Monday, Jul. 05, 1948
Reluctant Chronicler
Within their ornate frames, the Edwardian ladies & gentlemen looked just as the most fashionable artists of their day had found them--rich, well-bred, proud, and usually a trifle bored. These proper people, in proper painting, hung last week in Manhattan's Metropolitan Museum celebrating New York City's 50th anniversary as an incorporated big city (TIME, June 7).
There was Giovanni Boldini's wispy Duchess of Marlborough propped stiffly on her spindly divan; Whistler had caught bewhiskered Theodore Duret wistfully holding a lady's opera cape in some carpeted corridor. And William M. Chase had come upon the bemonocled Whistler sporting an absurd little cane and striking his dandy's pose. But most of the Edwardians represented at the museum (the Phelps Stokeses, the Wyndham sisters, Mme. Gautreau, Miss Ada Rehan, Henry Marquand) had sought out, or been sought out by, the slickest and most fashionable painter of their day to immortalize them --John Singer Sargent.
Hals Remembered. Painter Sargent was 45 when Edward VII became king, and it was already quite the thing to be "painted by Sargent." He was a portly, generous gentleman, more at home with his fellow expatriate Henry James than with the eccentric Bohemians of the art world. He resisted the Pre-Raphaelites and "Ruskin, don't you know . . . silly old thing." He ignored the principles of art for art's sake, detested Gauguin and Van Gogh. His advice to one of his own disciples: "Begin with Franz Hals, copy and study Franz Hals, after that go to Madrid and copy Velasquez . . ."

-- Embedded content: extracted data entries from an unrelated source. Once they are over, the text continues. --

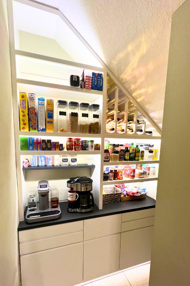 I’m kind of obsessed with how sneaky-smart this is because it turns literal dead wall space into real, usable storage. I love that it adds a ton of storage without stealing an inch of walking space, which is honestly the dream in tight pantries. The staggered depth so you can see labels is such a small detail but makes it feel thoughtful, not just clever. By AtomicDairy
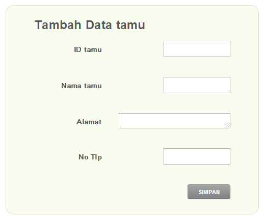 tampilan di atas kami memberi contoh menu tambah pada data tamu, berdasarkan ID
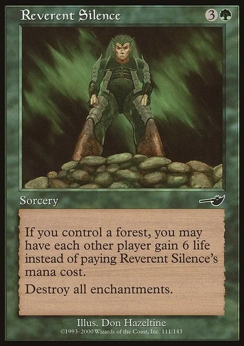 If you control a Forest, rather than pay this spell's mana cost, you may have each other player gain 6 life. Destroy all enchantments.
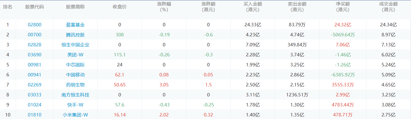亚汇网11月8日港股通数据统计显示:盈富基金净买入额居首,达24.33亿港元,腾讯控股净卖出额居第一位。

In his cheery studio on London's Tite Street, he worked doggedly at his portraits, muttering behind his easel when things didn't work out the way he wanted, "Gainsborough would have done it! ... Gainsborough would have done it." Sometimes he held his sitters' attention by painting his own nose red or pretending to eat his cigar.
He became so used to his sitters' criticisms that he began to define a portrait as "a likeness in which there was something wrong about the mouth." But he always refused to change his work. Once, a lady complained about the way he had done her nose. "Oh, you can alter a little thing like that," said Sargent, quickly handing her the portrait, "when you get it home."
He was amazed at the fortune his painting brought him ("It can't be mine," he said once when someone told him his bank balance. "They've made a mistake at the bank; it must belong to someone else"). He felt miscast as a portraitist: "Portrait painting is a pimp's profession."
Portraits Forgotten. Late in life, he tried to change. "No more paughtraits," he once wrote triumphantly to a friend. "I abhor and abjure them, and hope never to do another especially of the Upper Classes." During World War I, he trundled off to try his hand at battle scenes ("I suppose there is no fighting on Sundays," he remarked to a general at the front). He tried landscapes, character sketches ("a lot of mugs in ... charcoal") and watercolors which he scornfully labeled "Triple Bosh," "Blokes," "Idiots of the Mountains," "Intertwingles." But they were never enough to free him.
"I do not judge," Sargent once said of his portraits. "I only chronicle." Whether he liked it or not, Sargent's faithful chronicles, with all their style and grace, are what he is remembered for, a quarter century later.